South Korean government protests inclusion on EU tax haven blacklist

Posted on : 2017-12-07 17:18 KST Modified on : 2019-10-19 20:29 KST
The Special Tax Treatment Control Act was criticized for providing preferential tax treatment to foreign investors
A summit of the European Union (Yonhap News)
A summit of the European Union (Yonhap News)

After the European Union (EU) included South Korea on a blacklist of tax havens on Dec. 5,the government shot back that this was as an “infringement of taxation sovereignty” and a “violation of international standards.” But some think that Seoul was complacent in its response to the EU’s plans.

“The EU’s decision does not conform to the standards of international bodies such as the OECD and is also in violation of international agreements,” said South Korea’s Ministry of Strategy and Finance in a press release on Dec. 6 responding to the country’s inclusion on the EU’s list of 17 “uncooperative regions,” which is to say tax havens.

“We proposed working with the EU to analyze the harmfulness of the programs in question and to consider improvements to those programs by mutual consent, but the EU included us on the list because we did not promise to revise or eliminate these programs by the end of 2018. For the EU to insist that a non-member state abide by EU standards constitutes a violation of taxation sovereignty,” the Ministry went on to say in the press release.

The day before, the EU’s Finance and Economy Committee, which was attended by the finance ministers of the 28 countries in the bloc, placed South Korea, along with Panama, Tunisia, Barbados and other countries, on a blacklist of “uncooperative regions” regarded as tax havens. South Korea was included on the list because of its Special Tax Treatment Control Act, which gives five to seven years of concessions on corporate and income tax for companies that set up shop in a free economic zone. The EU regards the act as a “harmful preferential tax regime,” or in other words legislation that explicitly gives tax benefits to transactions with foreigners.

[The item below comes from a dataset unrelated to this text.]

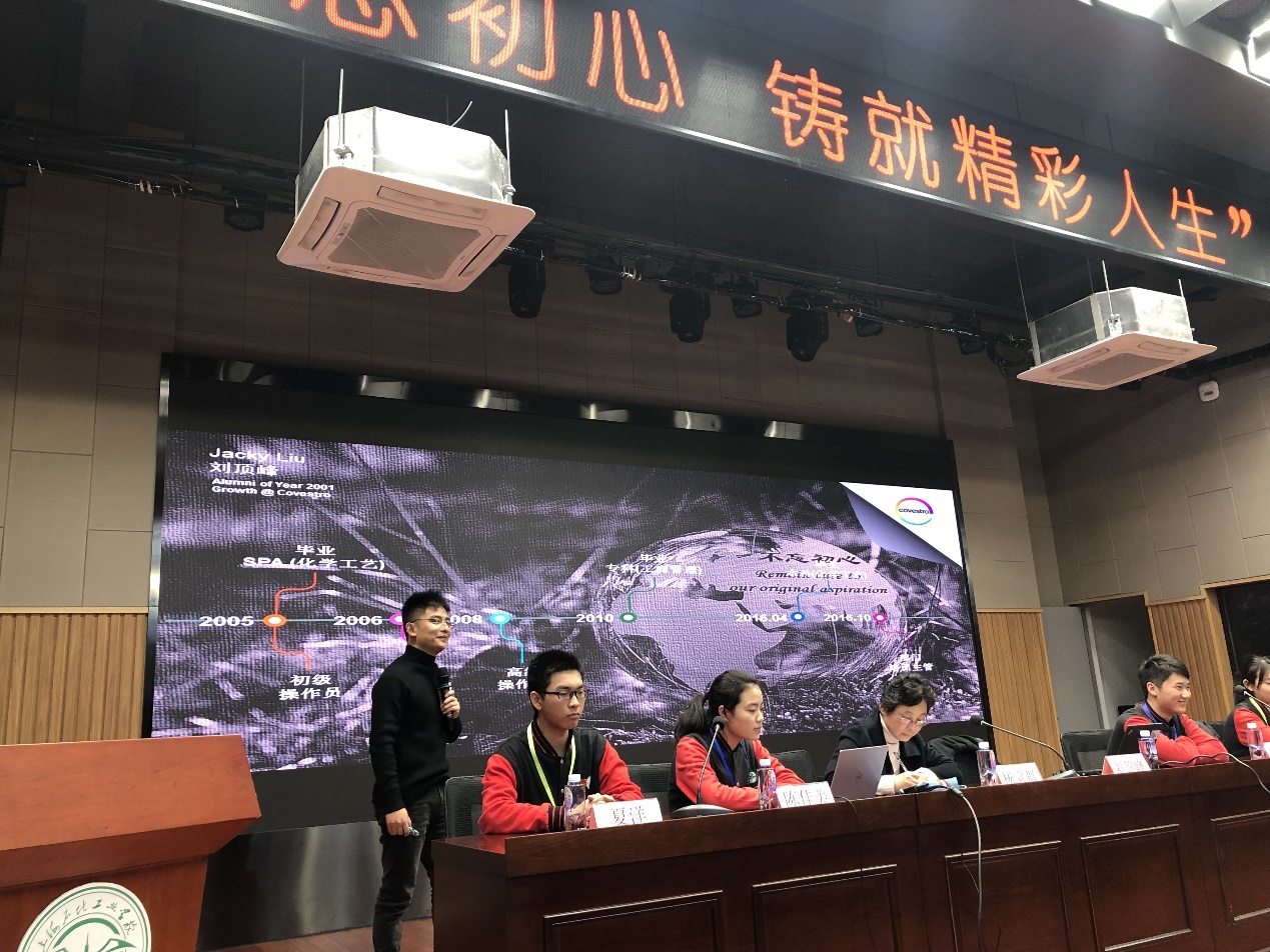 刘顶峰学长率先分享了自己的发展经历,他自我校化学工艺专业毕业后,从一名初级操作工逐步成长为知名外企的主培训师,看似一帆风顺的背后,付出了多少努力。他给同学们讲了一个故事,说一名虔诚的基督教教徒每天都会向上帝祷告,他每天祈祷的内容就是:“上帝,请保佑我中一次彩票大奖。”可是他一直都没有中奖。终于等到他第一万次祷告的时候,上帝出现了。上帝恶狠狠得对他说:“你祈祷了一万次,倒是去买一张彩票啊!”他用这个故事告诉大家,想要获得成功,首先得付诸行动。

Seoul contends that the EU’s measures run contrary to international standards. The OECD and the G20 have been running a program to counter base erosion and profit shifting (BEPS) strategies as part of efforts to prevent tax evasion, and in September they concluded that South Korea’s subsidies for foreign investors did not constitute a harmful preferential tax regime. Those organizations had limited the scope of tax avoidance activities to sectors with high mobility, such as finance and services.

The South Korean government is under fire, however, for having done little to address the EU’s announcement early this year that South Korea would be included on the tax haven blacklist. During negotiations with the EU, countries including Switzerland, Turkey and Hong Kong avoided inclusion on the list by promising to revise their tax systems. In the end, all the regions on the blacklist except for South Korea are either small economies or self-governing islands.

“While this does seem unfair, the truth is that South Korea is nearly the only country in the OECD that explicitly provides preferential tax treatment to foreign investors. We will take this opportunity to discuss tax concessions for foreigners in light of the interests of domestic industry and international standards,” said an official from the Ministry.